Stored data entries:
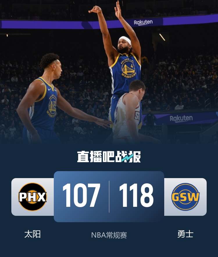 比赛开始,波斯特外线开炮三分3连击,库里和希尔德也锦上添花,勇士持续发力打出12-2的攻击波取得两位数领先,次节穆迪延续火力,内外开花帮助球队继续扩大优势,库里也飙中2记三分,布克依靠个人能力苦苦支撑,半场战罢勇士68-49领先太阳。易边再战,两队围绕20分左右分差展开拉锯战,太阳攻防两端发力打出13-2的攻击波缩小分差,末节穆迪再度开火,连中三分引领球队15-3的攻击波,太阳及时回暖打出10-0续命,但勇士稳扎稳打将优势保持到最后。最终,勇士118-107力克太阳,主场过关。
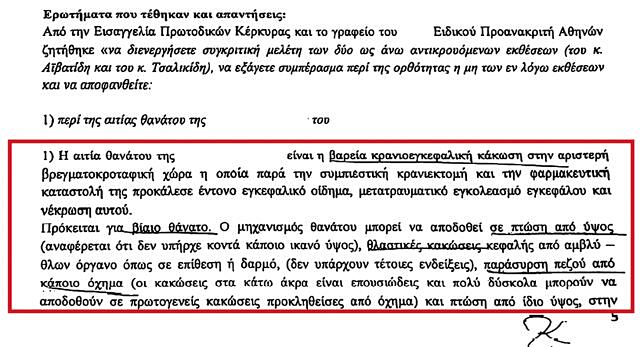 Σημειώνεται ότι την εκδοχή του τροχαίου ατυχήματος υποστήριξε μόνον ένας ιατροδικαστής – πραγματογνώμονας που ελέγχεται, ύστερα από καταγγελίες ότι είχε ζητήσει χρήματα από οικείους του θύματος για να προχωρήσει στη σχετική γνωμάτευση.
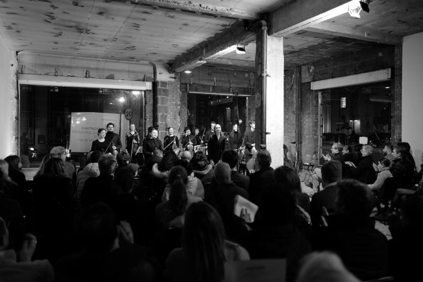 In an evening filled with "firsts" one of the many striking aspects was the effect the Anonimi Orchestra debut had on people walking past on the Marylebone Road. As we sat in the warehouse space of the Bomb Factory – with its exposed brick walls and large display windows – from time-to-time passers-by could be seen transfixed, gazing in at the vivacious ensemble bringing light to the January gloom.
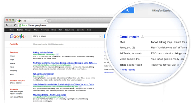 È ciò che a Mountain View stanno testando: se Google pensa che, nell’ambito di una ricerca, vi siano risultati a voi utili all’interno del vostro account GMail, ve li ritroverete nella SERP a destra.
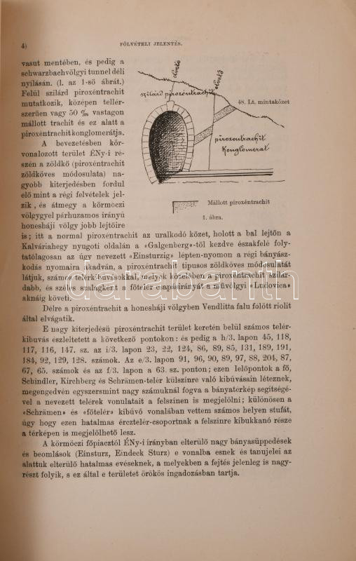 Gesell Sándor: 8. Jelentés a Selmeczbána és környékén 1882. és 1883-ban eszközölt részletes bányageológiai felvételekről. Különlenyomat a Földtani Közlöny XVI. kötetéből. 1884. évf. 4-8 füzet. Bp., 1884, Magyarhoni Földtani Társulat,(Franklin-ny.), 2+[273]-283 p.;
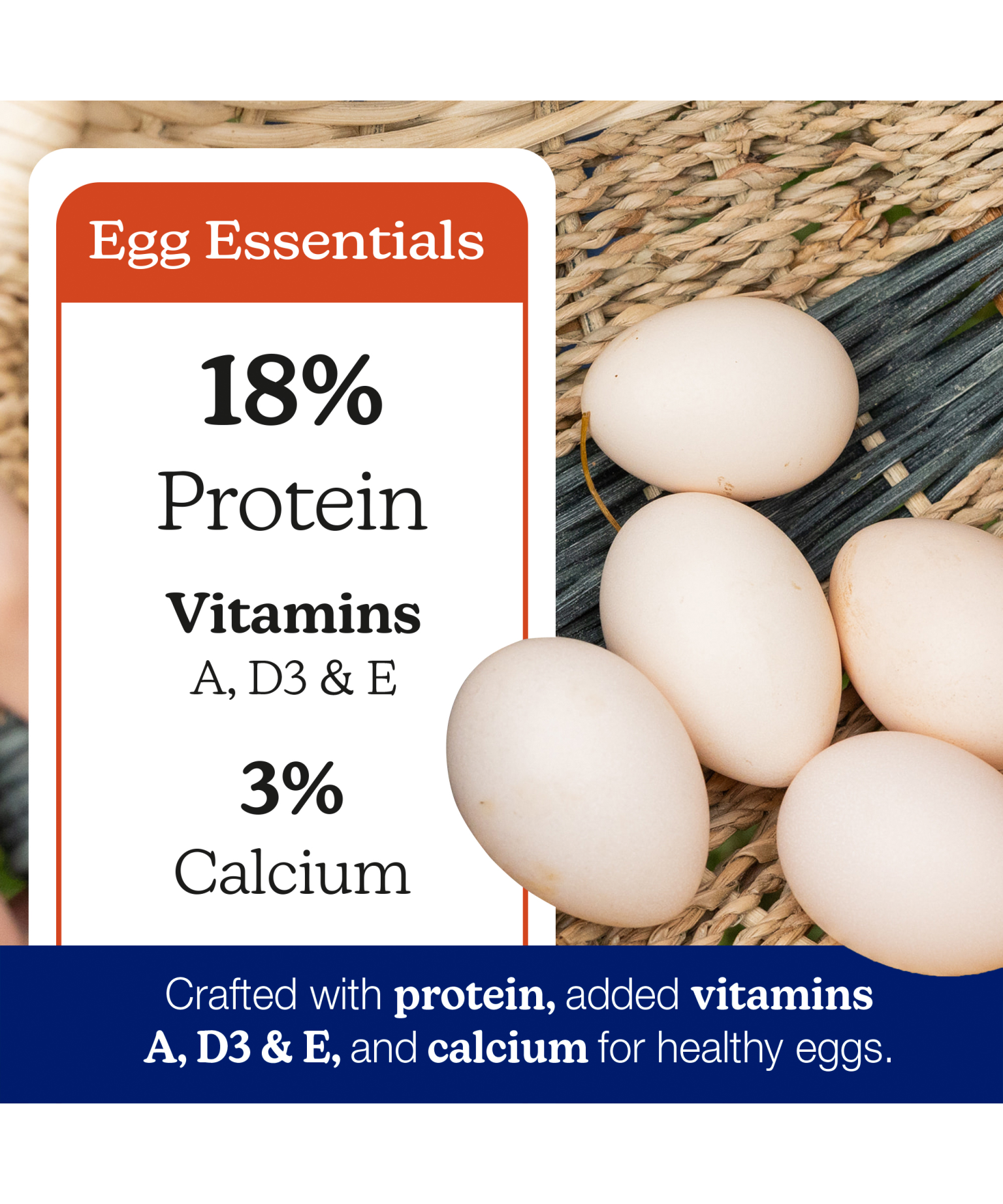Protein, vitamins A, D3 & E, and calcium are all important for egg production. NatureWise Harvest Blend 18% Protein Textured Layer Feed is crafted with Egg Essentials to help your hens lay healthy eggs with bright yolks.
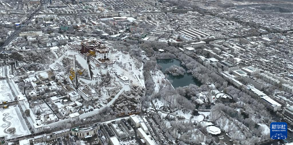 2023年12月8日,雪後的布達拉宮及其後的“宗角祿康”龍王潭公園(無人機照片)。新華社記者 洛卓嘉措 攝
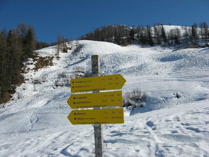 Nachdem wir den Wald verlassen haben, verläuft unser Aufstieg über freie Wiesenhänge entlang der Westflanke des Jenners nach Süden. Beeindruckend ist dabei der ständige Blick zum Watzmann. Anfangs steigt unser Weg nur wenig an, er verläuft dann nahezu auf einer Höhe und senkt sich zuletzt etwa 30 m hinab zu einem Wegweiser an der Wegteilung Königsbachalm, 1.270 m (die Königsbachalm liegt etwa 5 Min. unterhalb).

Problem details: Each line from the start of the entries through the line with "Σημειώνεται ότι την" is to be restated exactly, and the pictures are to be skipped.

Exercise result:
 比赛开始,波斯特外线开炮三分3连击,库里和希尔德也锦上添花,勇士持续发力打出12-2的攻击波取得两位数领先,次节穆迪延续火力,内外开花帮助球队继续扩大优势,库里也飙中2记三分,布克依靠个人能力苦苦支撑,半场战罢勇士68-49领先太阳。易边再战,两队围绕20分左右分差展开拉锯战,太阳攻防两端发力打出13-2的攻击波缩小分差,末节穆迪再度开火,连中三分引领球队15-3的攻击波,太阳及时回暖打出10-0续命,但勇士稳扎稳打将优势保持到最后。最终,勇士118-107力克太阳,主场过关。
 Σημειώνεται ότι την εκδοχή του τροχαίου ατυχήματος υποστήριξε μόνον ένας ιατροδικαστής – πραγματογνώμονας που ελέγχεται, ύστερα από καταγγελίες ότι είχε ζητήσει χρήματα από οικείους του θύματος για να προχωρήσει στη σχετική γνωμάτευση.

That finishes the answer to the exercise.